In januari konden we in Groningen al even van de comeback voorproeven op het ESNS-feestje van platenlabel Excelsior. De Amsterdamse band rond Ralph Mulder mocht de zonnige koude zaterdagmiddag in de pindakaasmachinefabriek aan de Oosterhamrikkade afsluiten. In een verfrissend nieuwe samenstelling met gitarist Robin Berlijn (speelt tegenwoordig ook bij Johan), drumster Nienke Overmars en bassist David Corel (die al eerder in de band speelde).

En er gingen golfjes van euforie door de ruimte, dacht ik te merken. Maar misschien gingen die alleen door mijn eigen lijf. Ik zag wel veel lachende gezichten en deinende hoofden, ook bij de nieuwe nummers. Door die melodieën die zich direct in hoofd en lijf nestelden.

Fijn was ook de belofte van Alamo Race Track dat het een nieuwe plaat ging uitbrengen. We moesten nog wel even geduld hebben.

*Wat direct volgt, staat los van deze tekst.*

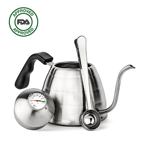 COFFEE LOVERS DESIRE THE BEST CUP OF JOE AT A REASONABLE PRICE.?Gracefully Yaya's Stainless Steel Coffee Kettle Provides The Perfect Cup Of Delicious Coffee Guaranteed To Impress Every Coffee Snob. OUR POUR OVER TEA KETTLE HELPS YOU CONTROL 4 OF THE 7 PILLARS FOR COFFEE BREWING PERFECTION The Brewing Method Coffee To Water Ratio Water Contact Time Water Temperature. Coffee Enthusiasts Look For A Coffee Kettle That Offers The Best Design To Craft A Precise, Well Balanced, Flavorful And Robust Cup Of Coffee;?AS GOOD OR BETTER THAN THE CORNER COFFEE SHOP. Our Coffee Pour Over Kettle Gives You All That You Want, Need And Desire; A Cup Of Coffee With A Clean,?Fully Developed Flavor And Body. OUR INTEGRATED THERMOMETER GUARANTEES THAT YOU HAVE?THE PERFECT POURING TEMPERATURE OF 195 DEGREES, Not Too Hot, Not Too Cold, And No Scorched Flavor. Bigger Bloom Means More Flavor And Fresher Tasting Coffee.?Our Ergonomic Handle Combined With The THE GOOSENECK SPOUT ALLOWS FOR THE PERFECT POUR OVER METHOD, Slow, Smooth And Controlled To Help You Achieve That Desirable "Coffee Bloom".? Our Pour Over Teakettle Is Designed For Function And Long Lasting Durability With A Stylish Look. CONSTRUCTED WITH THE FINEST FDA APPROVED CORROSION RESISTANT STAINLESS STEEL And Safe For Use With Gas, Electric Or Induction Stoves. Coffee Is Personal! The Right Way To Make Coffee Is How YOU Like It Best. BE GUARANTEED OF A SATISFYING CUP EVERY TIME YOU USE OUR POUR OVER DRIP METHOD. Enjoy This Relaxing Method That Makes You Instrumental In The Brew Process, Rewarding You With A Wonderfully Satisfying Cup Of Your Favorite Grind...Make This Yours...Make It Personal. BUILT FOR TRAVEL, TAKE CAMPING, USE OUTDOORS OR FILL YOUR THERMOS! 0 |
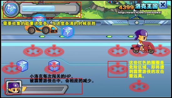这个游戏类似跑车游戏,是使用键盘的方向键操作的,建议小洛克们别走太快,重点是收集能量。
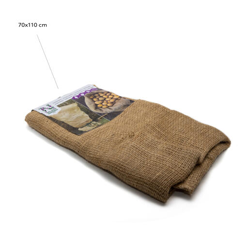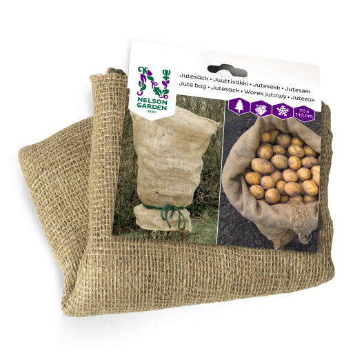 Jutesekk til tildekning av planter. Beskytter mot frost og snø. Verner mot sterk vårsol og uttørking. Kan også brukes som potteskjuler, vedsekk, til oppbevaring av grønnsaker og som gavesekk til jul. 70 x 110 cm
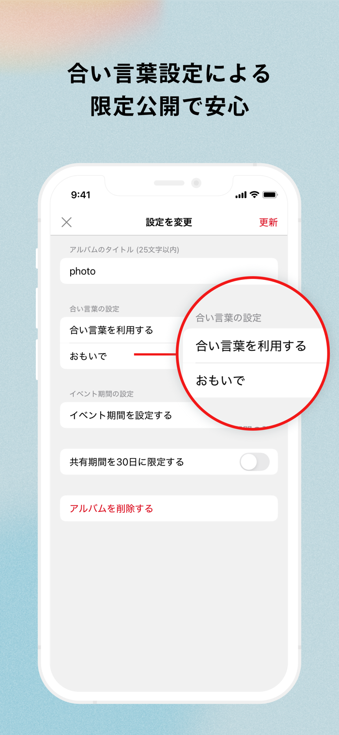 ・【合い言葉】や【期間限定公開】でプライベートな共有が可能
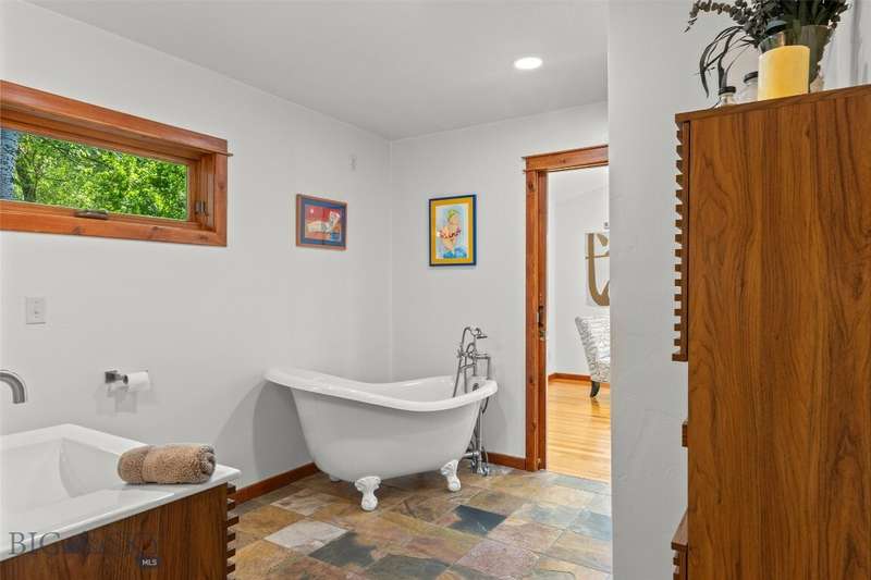 Exquisite Bozeman Haven - 9200/9202 River Rd, Montana! Step into luxury at 9200/9202 River Rd, Bozeman, with this fully renovated three-bedroom, 2.5 bathrooms, 2,369 square-foot home (with a 2011 addition that is separately metered, a separate entrance, ADA accessible and location of water pipes make it so a second kitchen could be added) on a sprawling three-quarter-acre lot. Just steps away from the tranquil Gallatin River and a premiere golf course with options for every type of golfer - beginner to pro. This serene home defines Montana living. Inside, a spa-like steam shower and soaking tub, a chef’s kitchen with quartz countertops and Thermador stainless steel appliances, and an open layout with heated floors. All thoughtfully designed for entertaining or cozy nights. The expansive outdoor space beckons for gatherings or quiet moments under Montana’s big sky. A two-car heated garage ensures year-round comfort. Ideal for families, retirees, or vacation home buyers. Worth taking a look! This residence has a portion of the home specifically designed (and separately metered) for use as a home office, or individual(s) with in-home health care needs. (Includes ADA accessibility with a ramp to the entry door and wide halls & doors.) The main home was constructed in 1981 with the additional office/health care area constructed in 2011, including remodeling to existing home. The 2011 addition was completed by the prior owner who was permitted a variance to build an in-home medical office with ADA accessibility. This portion of the home has a separate address.
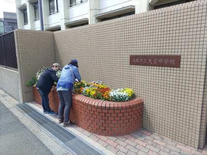 本日、令和5年度最初の緑化活動が行われました。あたたかくなり花がとてもきれいに咲いています。お近くにこられた際は、正門の花壇をぜひご覧ください。
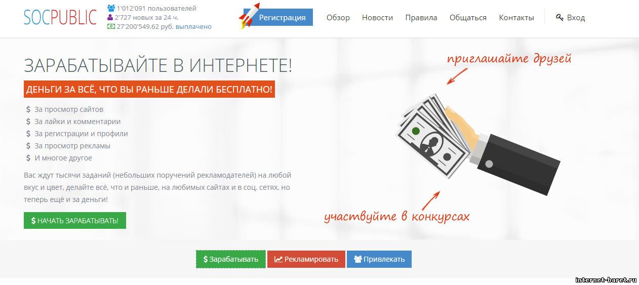 Всем привет, друзья!Я набираю людей в свою команду на проекте socpublic. Это проект для заработка денег и рекламировать свои проекты, сайты. За что платят деньги? А вот за что :) 1. Просмотр сайтов 2. Выполнение заданий 3. Привлечения рефералов 4. Выполнение тестов Присоединяйтесь рефбек 60% Всем удачи;)
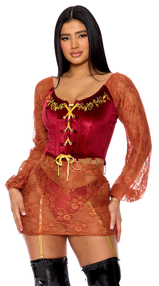 • Velvet lace-up crop top with lace balloon sleeves

Dit voorjaar was er eerst nog een korte tour vanwege de heruitgave van het succesalbum Black Cat John Brown (uit 2006). Verschillende liedjes van deze plaat komen nog geregeld voorbij op mijn geliefde zender Fip.fr. Dat is heel mooi, maar ik zou ze daar bij France Inter Paris wel willen toeschreeuwen: “alo alo…Alamo Race Track heeft weer een plaat gemaakt! Greetings from Tear Valley and the Diamond Ae. En die is minstens zo goed.” Misschien zelfs beter.

“Nothing ever changes,” zingt Mulder. En dat zou je kunnen zeggen over de nieuwe muziek van de band. In die zin dat Alamo Race track nog steeds uitblinkt in rudimentaire, meeslepende en vertellende songs. Met die stem van Mulder gedrenkt in melancholie. Al zijn er ook genoeg momenten dat je als luisteraar wordt opgetild door mooie samenzang. Zoals in openingstrack Sally H., een van de beste beatlesque liedjes die na 1970 is gemaakt. Of meteen daarna met het catchy Got to get home, met fraaie gitaarlijnen die om elkaar heen kronkelen en een refrein dat je al bij eerste beluistering mee jubelt.

Eigenlijk, bedacht ik me, is Alamo Race Track de laatste typische Excelsior-band, dat wil zeggen: maker van melodieuze gitaarsongs en samenzang die soms ook doet denken aan Daryll-Ann. Maar dat is slechts een deel van het verhaal en van de luisterervaring van drie kwartier.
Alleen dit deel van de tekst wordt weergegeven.